Specifically the third talk:

http://98.245.80.27/tcpc/OSCON2011/gbu.html http://98.245.80.27/tcpc/OSCON2011/gbu.pdf

Excerpts:

  Its String functions like upcase or capitalize won’t even look at
  anything but ASCII. 

  It’s completely missing a whole lot of critical Unicode
  functionality:

    casemapping & -folding
    grapheme support
    normalization
    collation
    text segmentation, &c &c &c. 


  Every Ruby string carries around its encoding, instead of sanely
  unifying into Unicode internally like nearly everything else does.

Also:

  > baked right in to the language

is not synonymous with "intelligently implemented"

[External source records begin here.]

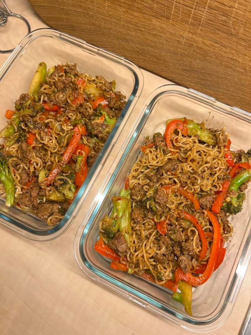 Stek nötfärs, skär upp paprika och broccoli och tillsätt till pannan, pressa ner vitlök och krydda med salt och peppar. Koka nudlarna, tillsätt dem tillsammans med sweet chili, soja, teriyakisås och jordnötssmör.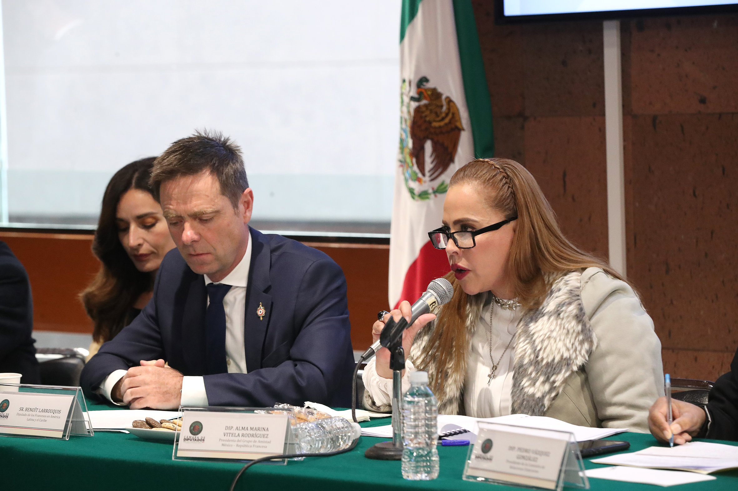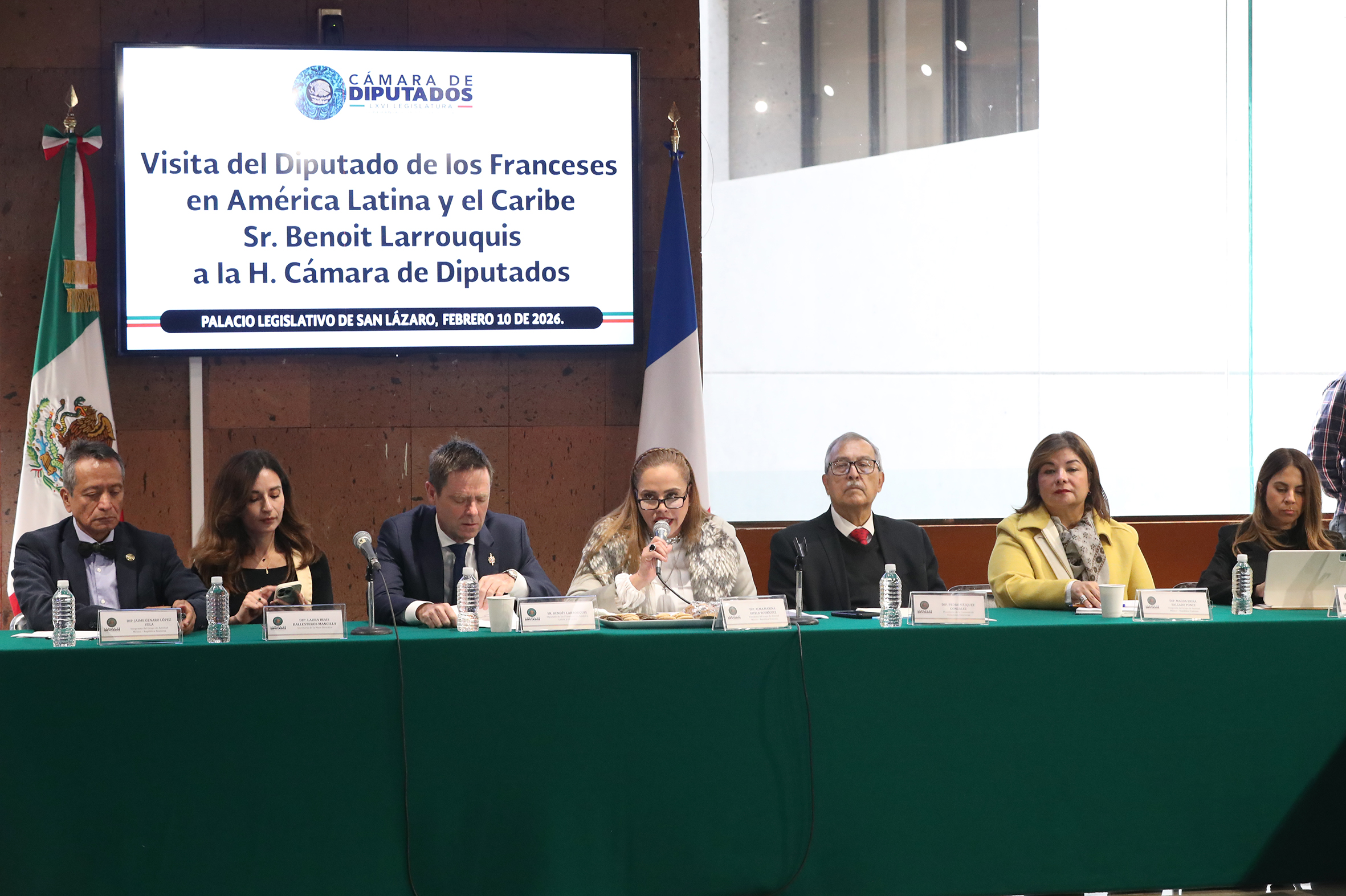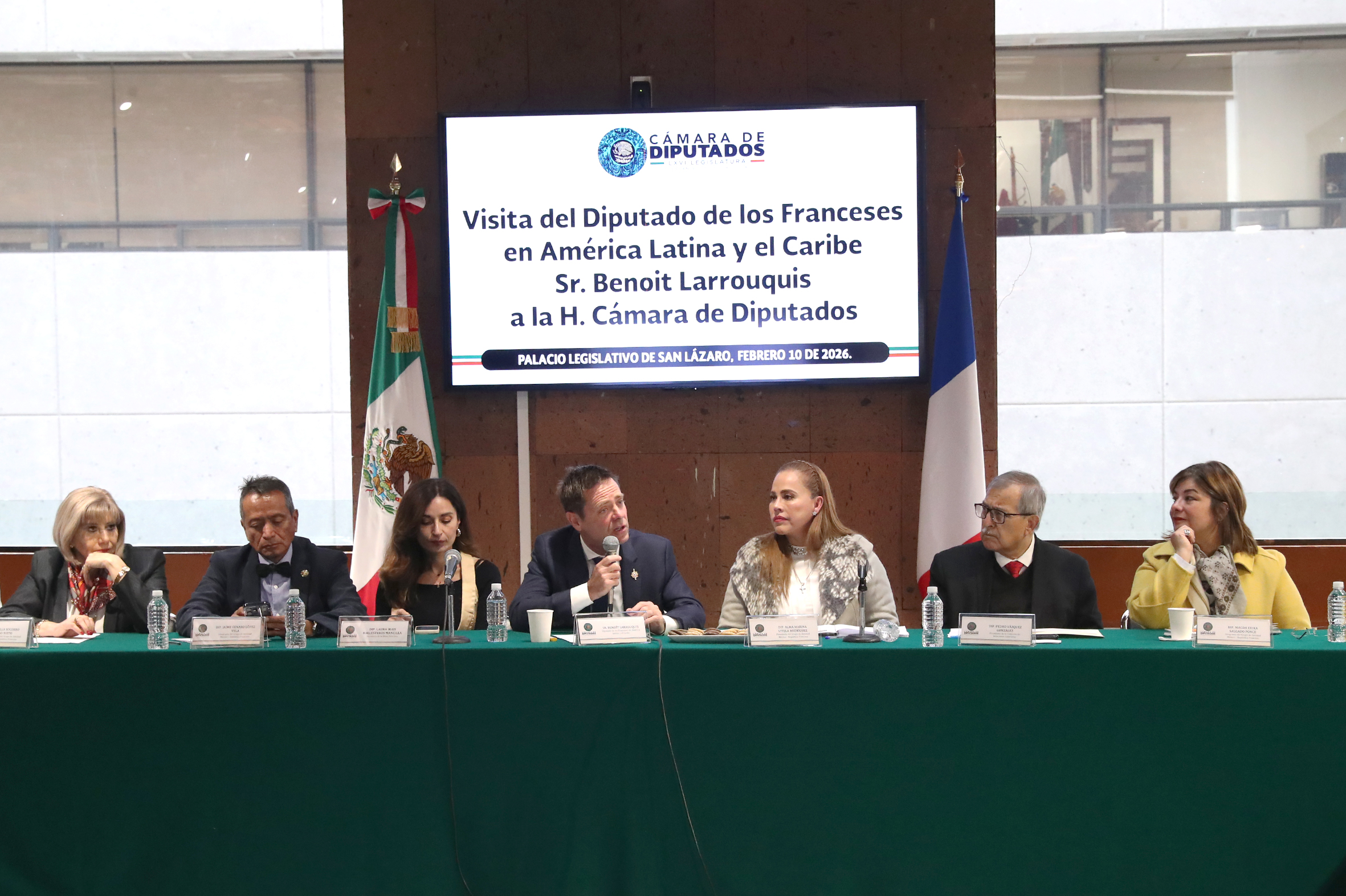 Dip. Ofelia Socorro Jasso, Dip. Jaime Genaro López, Dip. Laura Irais Ballesteros, Sr. Benoît Larrouquis, Dip. Alma Marina Vitela, Dip. Pedro Vázquez y Dip. Magda Erika Salgado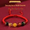 Cinnabar Five Gods of Wealth Bracelet - Luck-Changing Hand String with Purple Gold Sand Beads for Men and Women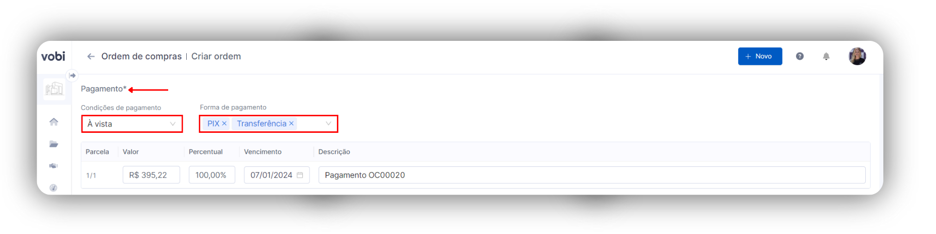 Utilizando a Vobi, ao preencher os detalhes da ordem de compra, é possível adicionar esse desconto diretamente nos campos de valores. O subtotal mostrará a soma total sem descontos, impostos ou fretes.
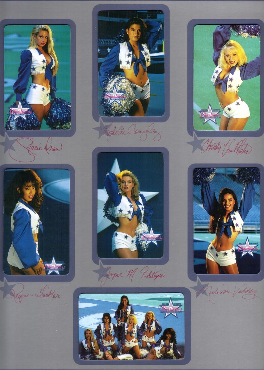 Each card within the set captures distinct poses and images of the cheerleaders, featuring bright, clear photography primarily in outdoor and stadium-like settings consistent with football culture. The imagery celebrates the cheerleaders’ role as American sports icons, merging athleticism and performance artistry. This collection appeals to enthusiasts of football, Dallas Cowboys memorabilia, and those interested in the cultural phenomenon of NFL cheer squads.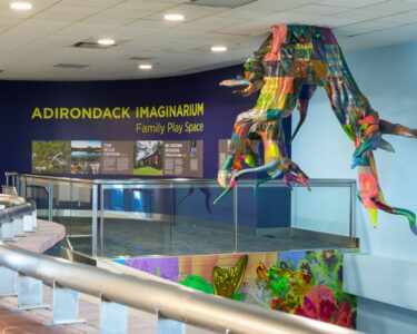 It celebrates the natural and cultural beauty of New York’s North Country and the Adirondacks. The space combines hands-on play, art and education in a welcoming setting for families. Highlights include a recreation of popular exhibits from The Wild Center, such as the Wild Walk Eagle’s Nest and an interactive game developed by Wild Center Curator Leah Valerio. It encourages children to experience a “year in the life” of a bald eagle. A large panoramic photograph shows the exact view of the Raquette River Oxbow as seen from The Wild Center’s Wild Walk, bringing Tupper Lake to travelers in the Capital region.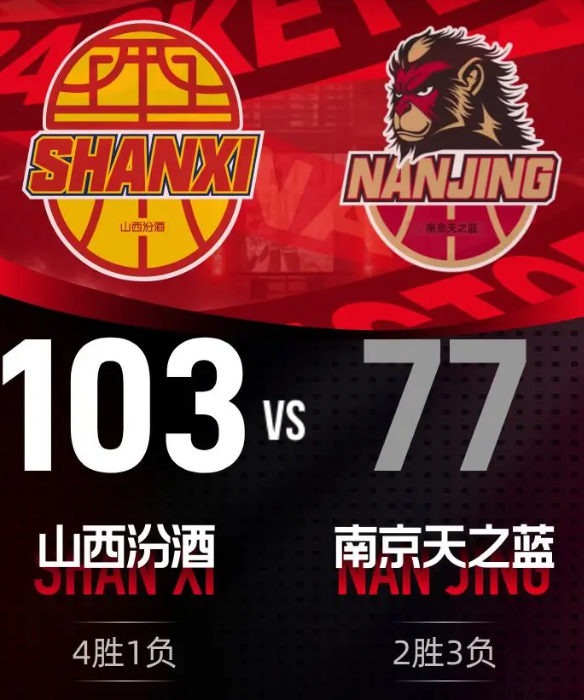北京时间12月23日CBA常规赛第5轮,客场作战的山西汾酒以103-77击败南京天之蓝,山西汾酒取得4连胜。杰伦·诺威尔20分6篮板4助攻,郭昊文23分5篮板4助攻。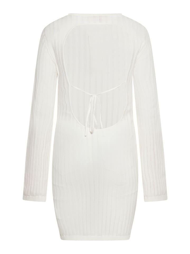 Обновите свой гардероб этим трикотажным платьем с уникальным фактурным узором. Платье с круглым вырезом и длинными рукавами имеет приталенный силуэт, подчеркивающий изгибы вашей фигуры. Вертикальные линии, создаваемые узором, добавляют глубины общему образу, а ребристая текстура создает легкий мерцающий эффект. Платье с открытой спиной и бантом на спине - отличный вариант для тех, кто ценит непринужденный стиль. Это платье, созданное совместно с ebeeza, сочетает в себе классический стиль и современный дизайн.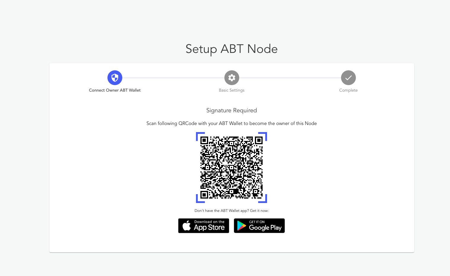 - Use your ABT Wallet to scan the QR Code to begin the set up process. Upon completion you will be taken to the ABT Node dashboard.

Note that I wasn't implying that "half-ass," "partial," and "just plain wrong" necessarily all apply to Python and/or Ruby's implementations. Some may apply to some areas while others may not, and really this extends outside of just Python and Ruby, but I'm trying to stay in context here.

petercooper · on Oct 19, 2011

This is interesting stuff - thanks for sharing, I'll be checking it out. The upcase/downcase stuff definitely checks out so far :-)